### The task
Take the records below and extract, word for word, the lines from the one containing "This Cobalt Forest" through the final line, inclusive. Omit pictures.

### Records contained in a dataset
....................

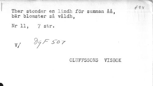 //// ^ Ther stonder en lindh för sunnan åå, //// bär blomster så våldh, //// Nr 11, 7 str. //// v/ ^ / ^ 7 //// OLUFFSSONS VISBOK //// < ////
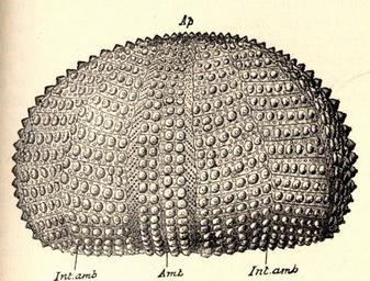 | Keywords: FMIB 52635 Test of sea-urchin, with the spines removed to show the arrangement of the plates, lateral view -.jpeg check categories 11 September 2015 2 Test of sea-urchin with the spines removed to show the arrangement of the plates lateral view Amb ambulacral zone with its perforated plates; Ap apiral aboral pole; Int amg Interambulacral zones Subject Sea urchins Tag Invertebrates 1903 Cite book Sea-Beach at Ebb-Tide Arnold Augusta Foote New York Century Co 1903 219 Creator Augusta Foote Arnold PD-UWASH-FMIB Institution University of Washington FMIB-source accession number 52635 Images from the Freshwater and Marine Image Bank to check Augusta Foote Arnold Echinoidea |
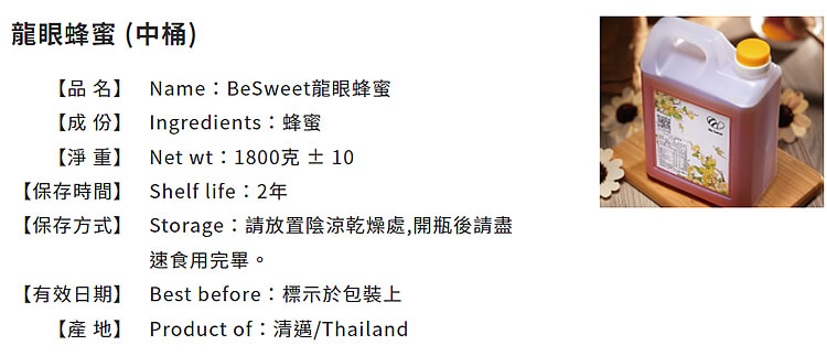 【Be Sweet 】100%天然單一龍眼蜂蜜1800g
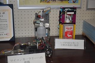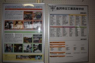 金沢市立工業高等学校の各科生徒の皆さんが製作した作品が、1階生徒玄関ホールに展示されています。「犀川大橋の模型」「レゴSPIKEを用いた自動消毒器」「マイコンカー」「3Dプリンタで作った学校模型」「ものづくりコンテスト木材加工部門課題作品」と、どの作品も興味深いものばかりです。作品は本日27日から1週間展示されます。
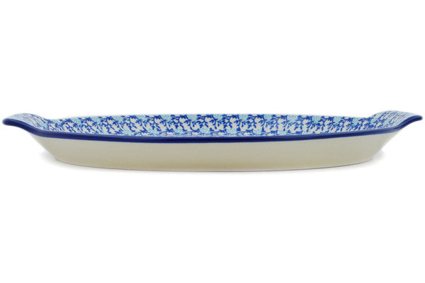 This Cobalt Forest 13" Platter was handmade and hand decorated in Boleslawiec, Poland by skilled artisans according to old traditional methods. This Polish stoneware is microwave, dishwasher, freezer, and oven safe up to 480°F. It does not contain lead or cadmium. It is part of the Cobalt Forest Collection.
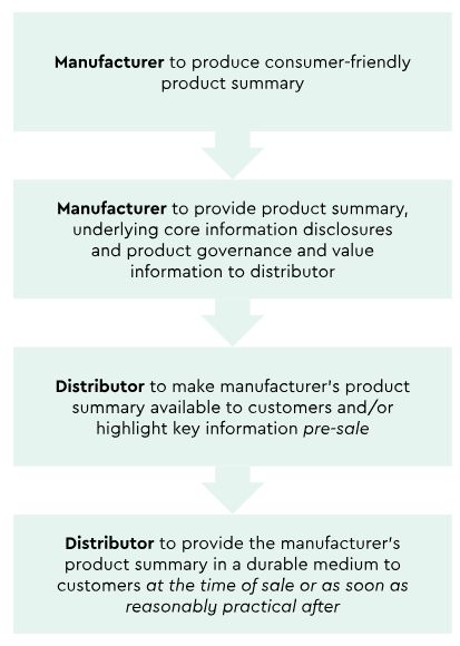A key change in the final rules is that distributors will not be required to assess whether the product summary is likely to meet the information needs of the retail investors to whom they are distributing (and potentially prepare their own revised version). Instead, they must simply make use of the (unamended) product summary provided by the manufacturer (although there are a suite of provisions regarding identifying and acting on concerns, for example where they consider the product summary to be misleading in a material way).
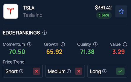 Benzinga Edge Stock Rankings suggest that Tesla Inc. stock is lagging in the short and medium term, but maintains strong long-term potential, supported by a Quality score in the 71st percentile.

....................

### Result of this task
 This Cobalt Forest 13" Platter was handmade and hand decorated in Boleslawiec, Poland by skilled artisans according to old traditional methods. This Polish stoneware is microwave, dishwasher, freezer, and oven safe up to 480°F. It does not contain lead or cadmium. It is part of the Cobalt Forest Collection.
A key change in the final rules is that distributors will not be required to assess whether the product summary is likely to meet the information needs of the retail investors to whom they are distributing (and potentially prepare their own revised version). Instead, they must simply make use of the (unamended) product summary provided by the manufacturer (although there are a suite of provisions regarding identifying and acting on concerns, for example where they consider the product summary to be misleading in a material way).
 Benzinga Edge Stock Rankings suggest that Tesla Inc. stock is lagging in the short and medium term, but maintains strong long-term potential, supported by a Quality score in the 71st percentile.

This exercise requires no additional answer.